Under new secrecy rules, Malta trusts must declare beneficial owners
The new year has brought about a sea change in anti-money laundering rules
The new year has brought about a sea change in anti-money laundering rules, which now make it mandatory to report all beneficial owners of trusts to the Registrar of Legal Persons.
In recent legal amendments designed to bring Malta up to date with the 4th Anti-Money Laundering Directive (AMLD4), “beneficial owners” of trusts will now include settlers, trustees, protectors, and any beneficiaries who exercise ultimate control through direct or indirect ownership.
This new definition goes beyond previous versions of the directive, which placed higher thresholds on the identification of trust beneficiaries.
Trusts have been involved in major tax evasion and corruption scandals in the past, and are usually used by elites seeking to hide their assets under the ownership of complex trusts in a bid to avoid tax. More recently in Malta, the Panama Papers revealed the use of two offshore trusts by minister Konrad Mizzi and the PM’s chief-of-staff Keith Schembri connected to their offshore companies in Panama.
A EUROPOL representative had told MEPs during a November 2016 hearing on money laundering and tax evasion that trusts were among “the main schemes that were used to hide tax revenue or launder money”.
The new law now obliges Malta to require that the identity of all parties to a trust or foundation, be available to be accessed by national tax authorities and EU financial intelligence units, apart from being held in a central register held by the Malta Financial Services Authority.
Malta will have to ensure timely and unrestricted access to the register without alerting the parties of the trust concerned.

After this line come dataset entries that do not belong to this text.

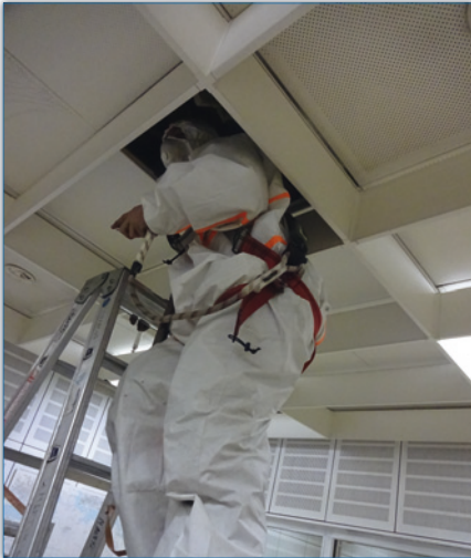
Einstieg in die Decke! Mit Vollschutzanzug, Mundschutz, Sicherheitsgurt
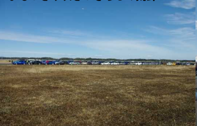
まるっきり吹きさらしの荒野
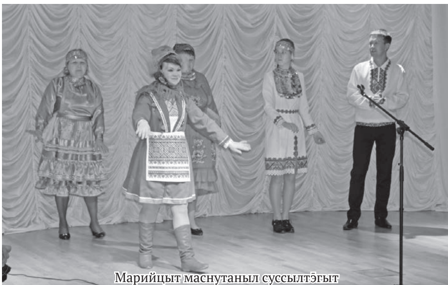
Марийцыт маснутаныл суссылтэгыт

Where a registered trustee contravenes or fails to comply with any of the provisions of the new rules, the MFSA may impose an administrative penalty of not more than €150,000, unless trustees can prove they exercised all due diligence to comply with the rules.
The new rules also apply to all associations established for either a private interest, or social purpose and non-profit associations. Each association will now have to keep updated information on its beneficial owners, with penalties for non-compliance reaching €500, or up to €5,000 and a six-month imprisonment for providing false or misleading information.

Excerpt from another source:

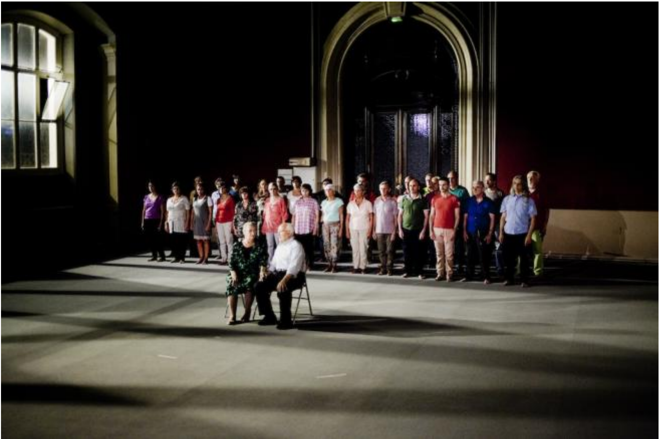
Virgilio Sieni

La sera lo spettacolo si snoda in vari luoghi: inizia con il Coro Savani di Carpi, protagonista, con varie persone che avevano vissuto il terremoto del 2012, del memorabile Home_quattro case visto per il festival Vie di Modena. I coristi, con i loro vocalizzi pop che penetrano nella pelle e arrivano fino in fondo dentro, compongono sipari che rivelano due anziani contadini che avanzano con fatica di gambe ultraottantenni, raccontando brevi squarci di lavoro e vita; oppure giovani danzatori non vedenti che avanzano aiutati da un cane e poi da soli cercando di trovare un senso allo spazio siderale. E loro stessi, i coristi, diventano suono che danza, spirali, mentre questa comunità procede verso qualche abisso, e cinque persone di Carpi inscenano un rito di assenza e scongiuro, una processione-via crucis con una grondaia, resto di casa abbattute dal terremoto.

However, access to information on a beneficial owner of an association may not be granted, if it can be justified that such access to such beneficial ownership information would expose the owner to the risk of fraud, kidnapping, blackmail, violence or intimidation, or whether the beneficial owner is a minor or otherwise incapable.

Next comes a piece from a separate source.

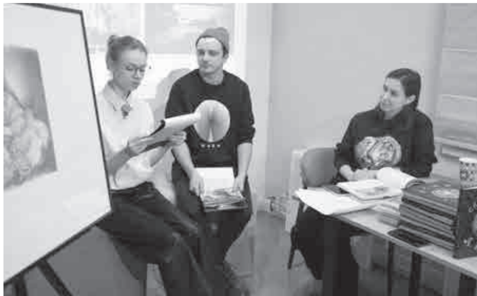
Артисты ТЮЗа так прочитали сказки, что писательница (справа на фото) призналась, что теперь мечтает о спектакле по книге.

The register of beneficial owners will be held by the Registrar for Legal Persons, who will be appointed by a government minister. The register will be interconnected with the central registers of other member states.
Since the introduction of harsher anti-money laundering rules at a European level, Maltese banks had already stated extensive due diligence exercises for politically-exposed persons.
In one example, HSBC Malta’s CEO informed then Opposition leader Simon Busuttil that a VIP team at the bank would be responsible for the management of PEP due diligence obligations.
Hundreds of people across the Maltese islands could be affected under tighter rules to fight money laundering, as the definition of a politically exposed person now includes not just people with political functions, but also their spouses and close associates and relatives.
The obligations of customer due diligence for banks are legally binding, and all PEP customers must complete them in order to retain their accounts with the banks.
For PEP relatives, the new AMLD rules will mean that opening a bank account will now be subject to enhanced due diligence measures.
Not only politicians, or party executives and directors of government entities will be subject to enhanced due diligence, but also their family members, such as spouses and partners, children, the PEP’s parents, as well as ‘close associates’ who have business relations or joint ownership of companies.
This will mean that institutions such as banks or insurance companies will have to obtain senior management approval to even establish a business relationship with such persons, as well as make sure they can establish the source of wealth and funds that PEPs and their associates have.
Even after a PEP is no longer entrusted with a public function, banks will still have to continue applying their enhanced due diligence for the next 12 months at minimum, until that person can be considered to be no longer a ‘PEP risk’.